Language of document : ECLI:EU:T:2011:278

Zaak T‑192/06

Caffaro Srl

tegen

Europese Commissie

„Mededinging – Mededingingsregelingen – Waterstofperoxide en natriumperboraat – Beschikking houdende vaststelling van inbreuk op artikel 81 EG – Geldboeten – Verjaring – Gedifferentieerde behandeling – Duur van inbreuk – Verzachtende omstandigheden”

Samenvatting van het arrest

1.      Mededinging – Geldboeten – Bedrag – Vaststelling – Criteria – Beoordelingsmarge van Commissie

(Art. 81, lid 1, EG; mededeling 98/C 9/03 van de Commissie, punt 5, sub d)
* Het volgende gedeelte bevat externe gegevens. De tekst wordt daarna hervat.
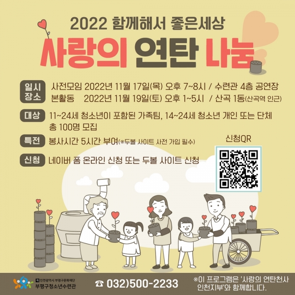 이번 봉사활동은 지난해에 이어 두 번째로 진행하는 연탄 나눔 봉사활동으로 오는 11월 19일 산곡1동 연탄 사용 가정에 청소년과 가족이 함께 4천여 장의 연탄을 배달할 예정이다.
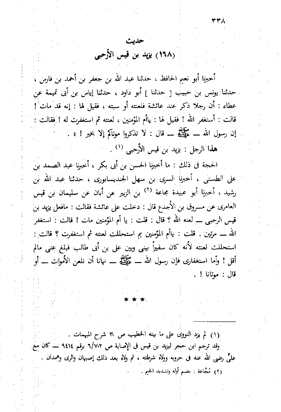 الحجة فِي ذَلِكَ: مَا أَخْبَرَنَا الْحَسَنُ بْنُ أَبِي بَكْرٍ، أَخْبَرَنَا عَبْدُ الصَّمَدِ بْنُ عَلِيٍّ الطَّسْتِيُّ، أَخْبَرَنَا السَّرِيُّ بْنُ سهل الجنديسابوري، حَدَّثَنَا عَبْدُ اللَّهِ بْنُ رَشِيدٍ، أَخْبَرَنَا أَبُو عُبَيْدَةَ مَجَاعَةُ بْنُ الزُبَيْرِ عَنْ أَبَانٍ عَنْ سُلَيْمَانَ بْنِ قَيْسٍ الْعَامِرِيُّ عَنْ مَسْرُوقِ بْنِ الأَجْدَعِ قَالَ: دَخَلَتْ عَلَى عَائِشَةَ فَقَالَتْ: مَا فَعَلَ يَزِيدُ بْنُ قَيْسٍ الرَّحْبِيُّ - لَعَنَهُ اللَّهُ؟ قَالَ: قُلْتُ: يَا أُمَّ الْمُؤْمِنِينَ مَاتَ {قَالَتْ: أَسْتَغْفِرُ اللَّهَ - مَرَّتَيْنِ. قُلْتُ: يَا أُمَّ الْمُؤْمِنِينَ بِمَ اسْتَحْلَلْتِ لَعْنَتَهُ ثُمَّ اسْتَغْفَرْتِ؟ قَالَتِ: اسْتَحْلَلْتُ لَعْنَتَهُ لأَنَّهُ كَانَ سَفِيرًا بَيْنِي وَبَيْنَ عَلِيِّ بْنِ أَبِي طالب فبلغ عني مالم أَقُلْ} وَأَمَّا اسْتِغْفَارِي فَإِنَّ رَسُولَ اللَّهِ - صَلَّى اللَّهُ عَلَيْهِ وَسَلَّم َ - نَهَانَا أَنْ نَلْعَنَ الأَمْوَاتَ - أَوْ قال: موتانا! .

2.      Mededinging – Geldboeten – Bedrag – Vaststelling – Criteria – Verzachtende omstandigheden – Deelneming die onder dwang zou zijn geschied – Situatie van economische afhankelijkheid

(Art. 81, lid 1, EG; mededeling 98/C 9/03 van de Commissie, punt 5, sub d)

3.      Mededinging – Geldboeten – Bedrag – Vaststelling – Beginsel van gelijke behandeling

(Art. 81, lid 1, EG; verordening nr. 1/2003 van de Raad, art. 23, leden 2 en 3)

4.      Mededinging – Geldboeten – Oplegging – Noodzaak dat onderneming profijt heeft getrokken uit inbreuk – Geen – Vaststelling – Criteria – Zwaarte van inbreuk – Verzachtende omstandigheden – Ontbreken van winst

(Verordening nr. 1/2003 van de Raad, art. 23; mededeling 98/C 9/03 van de Commissie, punt 5, sub d)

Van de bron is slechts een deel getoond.